Monday, 5 February 2018

How far do you justify your subject in a biography?

I know next nothing about St Augustine, but I’m quite prepared to believe that his autobiography is “one of the great books of the world” (Lucy Beckett, TLS,  May 18 2016). But does writing a great autobiography mean that subsequent readers and biographers justify his every action? Here is Ms Beckett describing Augustine’s relations with women:
It’s sadder, and seriously unjust, that down the ages Augustine has taken much of the blame for the Church’s negative attitude to women and to sex. He lived faithfully with a poor Carthaginian woman for thirteen years, from when he was a seventeen-year-old student, and was devoted to their son. He was heart-broken when he had to send her back to Carthage from Italy because she couldn’t be fitted into the project (largely his mother’s) of a socially and financially beneficial marriage to underpin what was becoming his successful career. He replaced her briefly with another concubine before his final commitment to celibacy.

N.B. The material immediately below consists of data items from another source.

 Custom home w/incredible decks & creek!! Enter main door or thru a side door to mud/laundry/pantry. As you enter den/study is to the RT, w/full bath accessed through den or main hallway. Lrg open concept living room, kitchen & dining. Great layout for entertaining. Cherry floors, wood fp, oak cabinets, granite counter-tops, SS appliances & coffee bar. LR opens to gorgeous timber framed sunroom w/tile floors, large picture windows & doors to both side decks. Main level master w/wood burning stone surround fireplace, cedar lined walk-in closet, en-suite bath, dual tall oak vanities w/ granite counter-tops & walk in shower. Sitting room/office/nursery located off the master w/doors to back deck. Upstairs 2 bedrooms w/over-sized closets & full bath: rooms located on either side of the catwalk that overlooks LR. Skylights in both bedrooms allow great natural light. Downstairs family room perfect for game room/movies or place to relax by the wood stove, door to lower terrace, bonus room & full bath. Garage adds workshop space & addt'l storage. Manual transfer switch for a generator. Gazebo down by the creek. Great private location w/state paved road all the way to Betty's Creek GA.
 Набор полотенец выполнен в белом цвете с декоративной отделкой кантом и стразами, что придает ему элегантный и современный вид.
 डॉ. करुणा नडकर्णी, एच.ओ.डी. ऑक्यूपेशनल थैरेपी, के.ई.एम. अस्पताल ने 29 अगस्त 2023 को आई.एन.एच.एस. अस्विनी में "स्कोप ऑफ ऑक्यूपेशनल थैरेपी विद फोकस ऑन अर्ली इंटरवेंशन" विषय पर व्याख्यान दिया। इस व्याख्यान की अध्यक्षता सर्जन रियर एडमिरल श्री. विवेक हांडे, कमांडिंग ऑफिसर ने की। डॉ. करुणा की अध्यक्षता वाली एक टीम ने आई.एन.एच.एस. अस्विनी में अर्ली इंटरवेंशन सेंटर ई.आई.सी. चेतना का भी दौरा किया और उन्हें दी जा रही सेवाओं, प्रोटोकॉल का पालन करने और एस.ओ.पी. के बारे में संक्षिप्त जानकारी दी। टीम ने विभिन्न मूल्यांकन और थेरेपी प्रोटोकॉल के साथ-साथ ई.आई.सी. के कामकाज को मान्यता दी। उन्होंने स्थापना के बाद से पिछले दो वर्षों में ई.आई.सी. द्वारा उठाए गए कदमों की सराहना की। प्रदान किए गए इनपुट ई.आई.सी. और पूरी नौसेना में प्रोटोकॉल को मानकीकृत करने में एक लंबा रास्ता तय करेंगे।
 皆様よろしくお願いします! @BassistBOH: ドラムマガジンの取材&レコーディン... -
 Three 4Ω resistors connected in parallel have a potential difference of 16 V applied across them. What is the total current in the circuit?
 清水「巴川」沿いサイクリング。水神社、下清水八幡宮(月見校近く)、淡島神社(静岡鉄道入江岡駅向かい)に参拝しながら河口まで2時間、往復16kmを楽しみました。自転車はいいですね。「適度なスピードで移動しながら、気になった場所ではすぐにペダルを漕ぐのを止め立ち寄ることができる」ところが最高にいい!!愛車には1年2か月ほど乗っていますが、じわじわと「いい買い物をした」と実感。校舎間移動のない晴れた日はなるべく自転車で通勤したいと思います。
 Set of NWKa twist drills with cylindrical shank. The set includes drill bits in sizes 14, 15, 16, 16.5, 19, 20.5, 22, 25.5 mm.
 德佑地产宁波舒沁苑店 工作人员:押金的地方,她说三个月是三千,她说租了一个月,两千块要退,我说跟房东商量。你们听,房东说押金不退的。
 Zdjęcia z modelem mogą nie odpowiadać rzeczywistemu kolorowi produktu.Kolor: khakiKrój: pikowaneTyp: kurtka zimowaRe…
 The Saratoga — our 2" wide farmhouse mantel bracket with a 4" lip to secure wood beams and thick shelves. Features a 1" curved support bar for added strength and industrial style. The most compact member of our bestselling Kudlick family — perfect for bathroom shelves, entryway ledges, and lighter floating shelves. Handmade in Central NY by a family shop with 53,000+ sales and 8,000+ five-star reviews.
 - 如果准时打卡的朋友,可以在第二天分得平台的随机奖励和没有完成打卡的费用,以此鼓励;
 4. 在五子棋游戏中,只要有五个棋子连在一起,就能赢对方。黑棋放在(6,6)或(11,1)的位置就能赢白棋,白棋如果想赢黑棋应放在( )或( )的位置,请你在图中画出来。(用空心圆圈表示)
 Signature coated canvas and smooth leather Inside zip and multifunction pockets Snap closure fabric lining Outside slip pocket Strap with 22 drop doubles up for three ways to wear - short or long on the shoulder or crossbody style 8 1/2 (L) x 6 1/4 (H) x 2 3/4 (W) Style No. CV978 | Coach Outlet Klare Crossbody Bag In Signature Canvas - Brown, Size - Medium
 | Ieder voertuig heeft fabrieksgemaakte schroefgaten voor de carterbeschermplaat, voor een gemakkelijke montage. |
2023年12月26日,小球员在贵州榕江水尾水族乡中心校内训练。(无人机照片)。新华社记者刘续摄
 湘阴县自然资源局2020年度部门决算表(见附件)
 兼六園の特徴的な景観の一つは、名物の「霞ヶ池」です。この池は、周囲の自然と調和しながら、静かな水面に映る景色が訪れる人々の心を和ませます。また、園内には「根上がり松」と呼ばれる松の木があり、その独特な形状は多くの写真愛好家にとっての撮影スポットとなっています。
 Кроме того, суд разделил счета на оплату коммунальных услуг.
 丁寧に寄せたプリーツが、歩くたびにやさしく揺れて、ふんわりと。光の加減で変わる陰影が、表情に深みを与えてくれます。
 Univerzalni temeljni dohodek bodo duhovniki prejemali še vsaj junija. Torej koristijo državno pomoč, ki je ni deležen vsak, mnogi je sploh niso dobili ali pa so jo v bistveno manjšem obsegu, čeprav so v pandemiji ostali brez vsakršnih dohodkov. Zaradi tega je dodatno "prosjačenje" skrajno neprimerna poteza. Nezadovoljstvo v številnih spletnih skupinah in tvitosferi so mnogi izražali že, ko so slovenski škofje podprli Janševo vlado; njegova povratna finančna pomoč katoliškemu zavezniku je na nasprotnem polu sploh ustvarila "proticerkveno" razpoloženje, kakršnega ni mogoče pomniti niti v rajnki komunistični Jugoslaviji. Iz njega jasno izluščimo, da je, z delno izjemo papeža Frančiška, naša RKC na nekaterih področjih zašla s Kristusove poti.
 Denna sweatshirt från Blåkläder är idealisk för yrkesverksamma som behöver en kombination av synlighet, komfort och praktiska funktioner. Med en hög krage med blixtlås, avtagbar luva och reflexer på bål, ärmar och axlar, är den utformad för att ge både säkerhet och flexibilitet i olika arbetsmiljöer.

It's quite common for biographies to depict their subject in the best possible light; but on the basis of the above statement, it looks to me like Augustine has quite a lot to answer for the Church’s negative attitude to women. Heartbroken he may have been, and I’m sure I would be too, but he still left his wife and child for a career-enhancing marriage. Not quite the role model Ms Beckett would like Augustine to be.